**Data provided**
*** Block opens ***
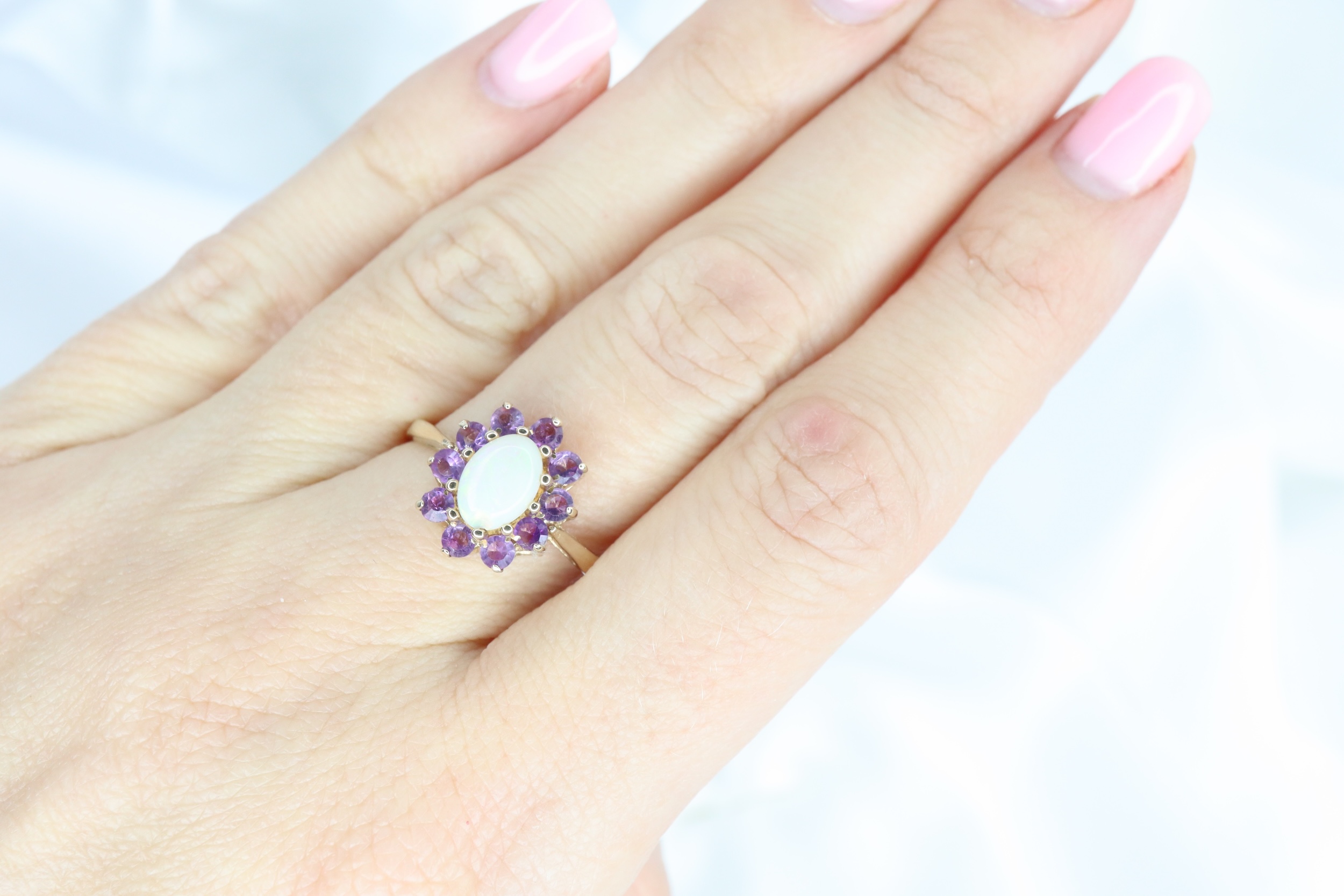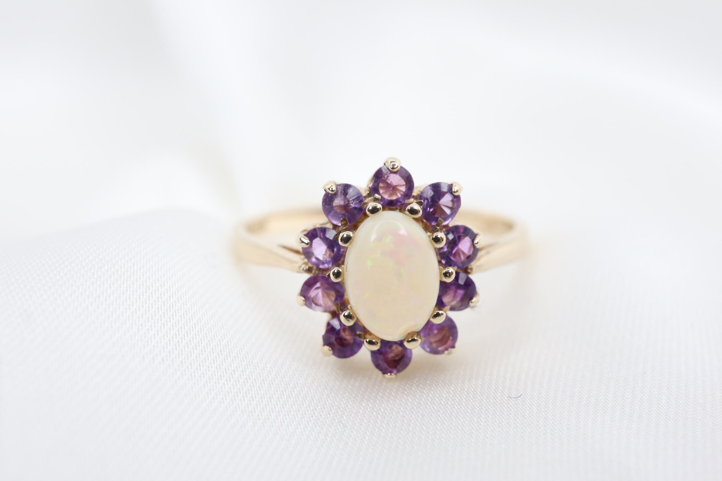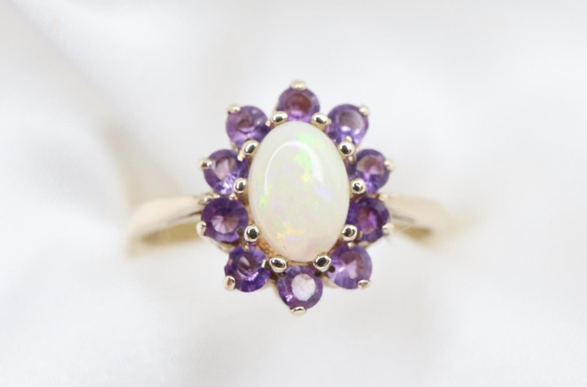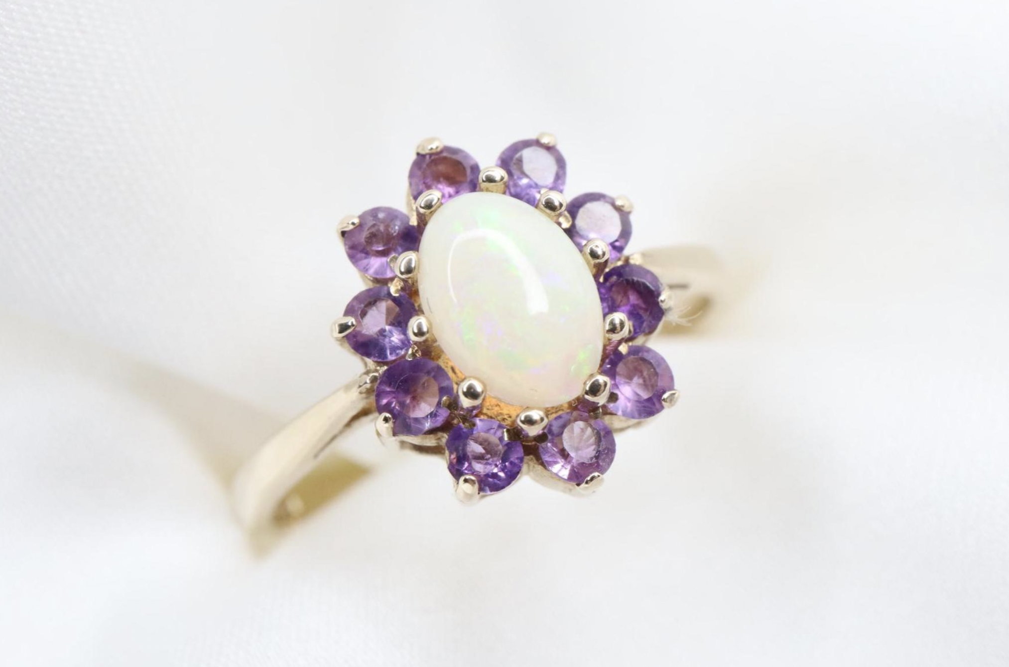 Uroczy pierścionek z owalnym, naturalnym opalem (ok. 8 x 5 mm), otoczonym przez 10 intensywnie fioletowymi ametystami (ok. 2 mm każdy), osadzonych pomiędzy gładkimi ramionami obrączki.
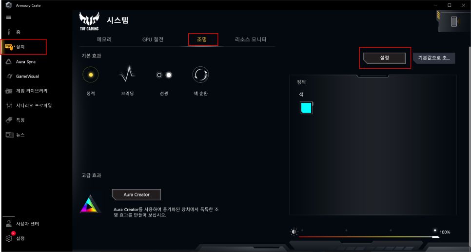 위 사진처럼 좌측부터 장치 > 조명 > 설정을 눌러 설정메뉴에 진입한다.
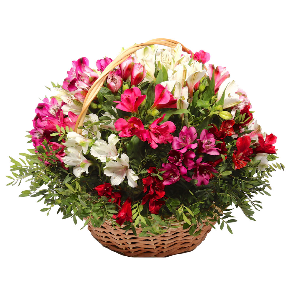 Альстромерия микс (белая, розовая, бордовая), фисташка. Упаковка (Корзина, оазис).
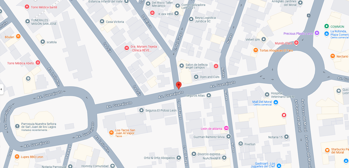 Templo Jardines del Moral, Plaza Mayor, Boulevard Campestre, Clínica Médica León, Farmacias Guadalajara.
*** Block closes ***
**What the task requires**
The copy must start at the line containing "위 사진처럼 좌측부터 장치 > 조명 > 설정을 눌러 설정메뉴에 진입한다." and stop at the last line of the listing, both included, with every line exact and no pictures.

**Reply to the task**
 위 사진처럼 좌측부터 장치 > 조명 > 설정을 눌러 설정메뉴에 진입한다.
 Альстромерия микс (белая, розовая, бордовая), фисташка. Упаковка (Корзина, оазис).
 Templo Jardines del Moral, Plaza Mayor, Boulevard Campestre, Clínica Médica León, Farmacias Guadalajara.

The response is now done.